Concept in international law

In international law, a persistent objector is a sovereign state which has consistently and clearly objected to a norm of customary international law since the norm's emergence, and considers itself not bound to observe the norm. The concept is an example of the positivist doctrine that a state can only be bound by norms to which it has consented.

Objection to the emergence of a norm may come in the form of statements declaring a state's position on an existing right, or action in which a state exercises an existing right in the face of an emerging norm which would threaten that right.
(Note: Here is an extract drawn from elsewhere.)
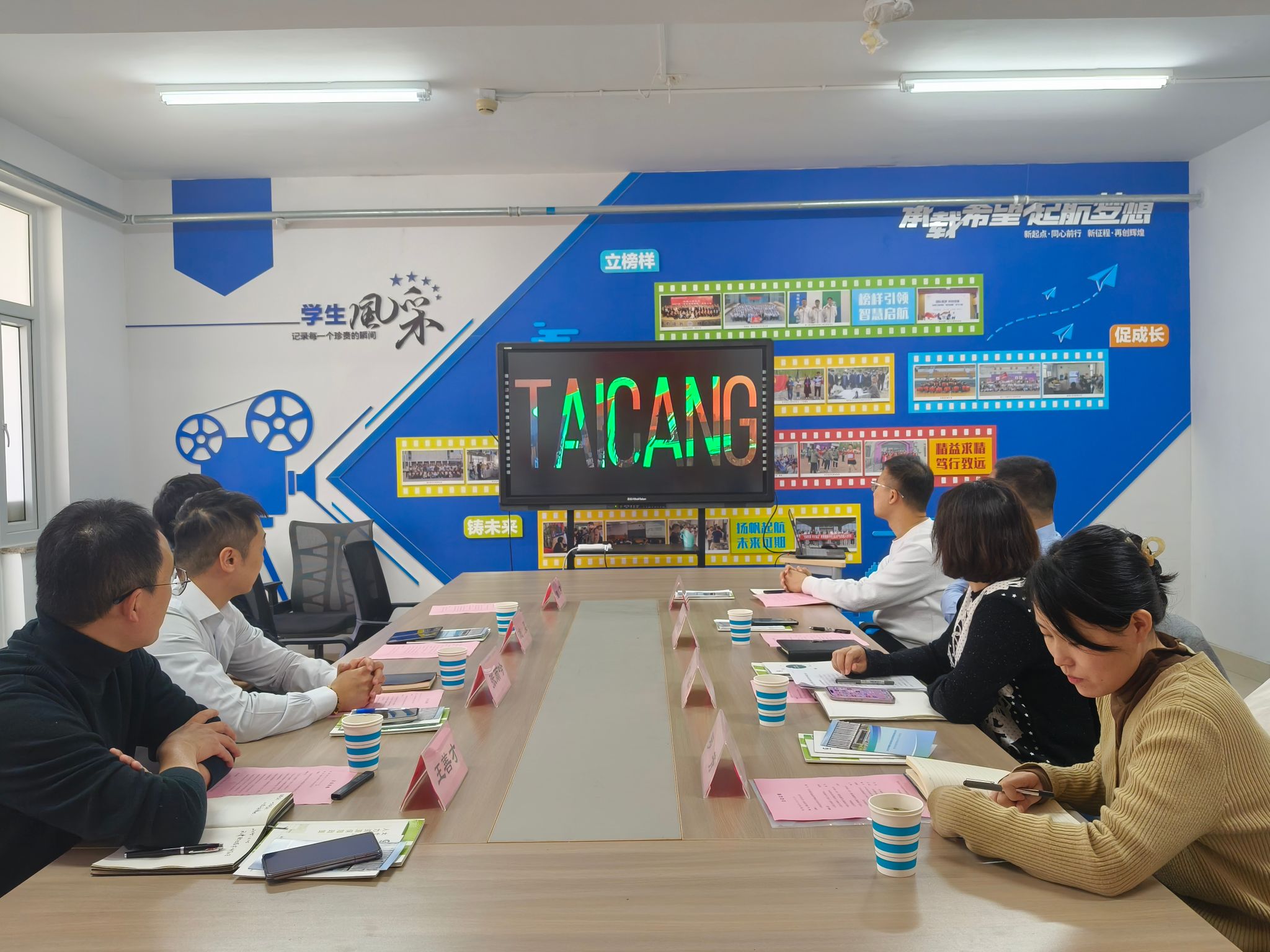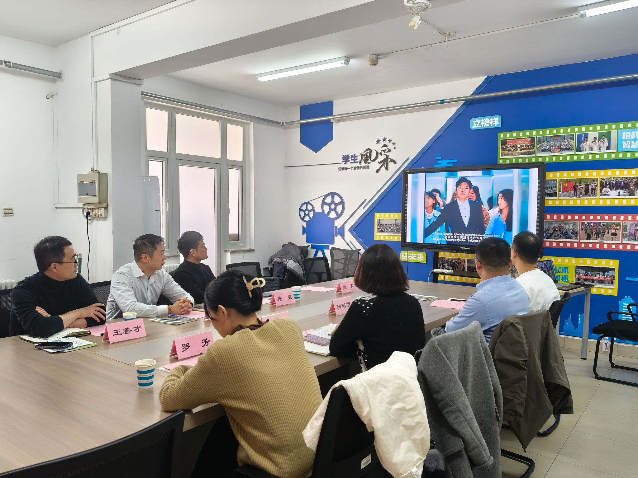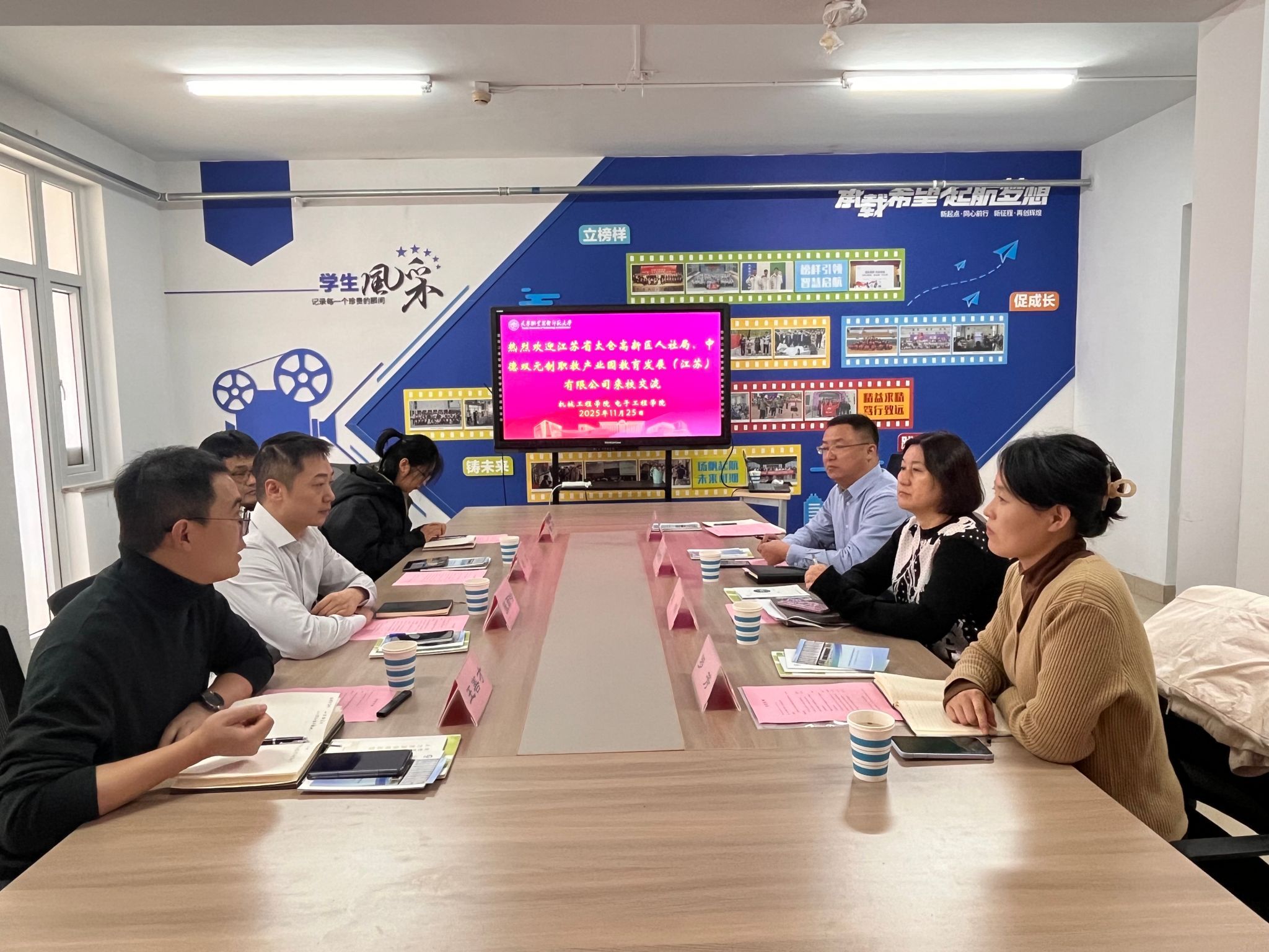 一站式学生社区、技能实训楼310室举办太仓高新区企业招聘集中宣讲会暨“访企拓岗”校企交流座谈会。江苏省太仓高新区人社局人才公寓科科长张雨吟、就业培训科副科长施昊、中德双元制职教产业园教育发展(江苏)有限公司人力资源部部长王善才、人力资源部专员魏芹,微密猫

Statements made at the time of a rule's establishment, such as in a reservation to a treaty, offer the clearest expression of a state's objection, but objections might also be expressed during treaty negotiations and even in statements by domestic lawmakers accompanying purely municipal legislation.

== Origins ==
The expression Persistent Objector is generally associated with Ian Brownlie's 1966 work, Principles of Public International Law, which presented the concept as an exception to the general rule that customary law binds all states regardless of individual consent. Two decades later in the United States, the American Law Institute's 1987 Third Restatement of the Foreign Relations Law of the United States set out the first comprehensive articulation of the doctrine.

== Requirements ==
A State seeking to rely on the persistent objector must object to the emerging rule during the process of its formation. The objection must be clear, public, and maintained consistently throughout the development of the rule. There is no prescribed form in which the objection is to be made. An objection may be expressed orally or in writing, provided it clearly communicates the state's opposition to the emerging rule. The non-acceptance or intention not to be bound by the rule must be unambiguous. If the state fails to object and the rule becomes crystallized, it cannot claim exemption subsequently. A state that accepts the rule after its formation cannot subsequently claim persistent objector status. Any breach post the crystallization of the rule is treated as an ordinary breach rather than a valid objection. In the case of a state which comes into existence after a rule has already emerged, it is treated as bound by it regardless of its beliefs since it did not exist to object at the relevant time.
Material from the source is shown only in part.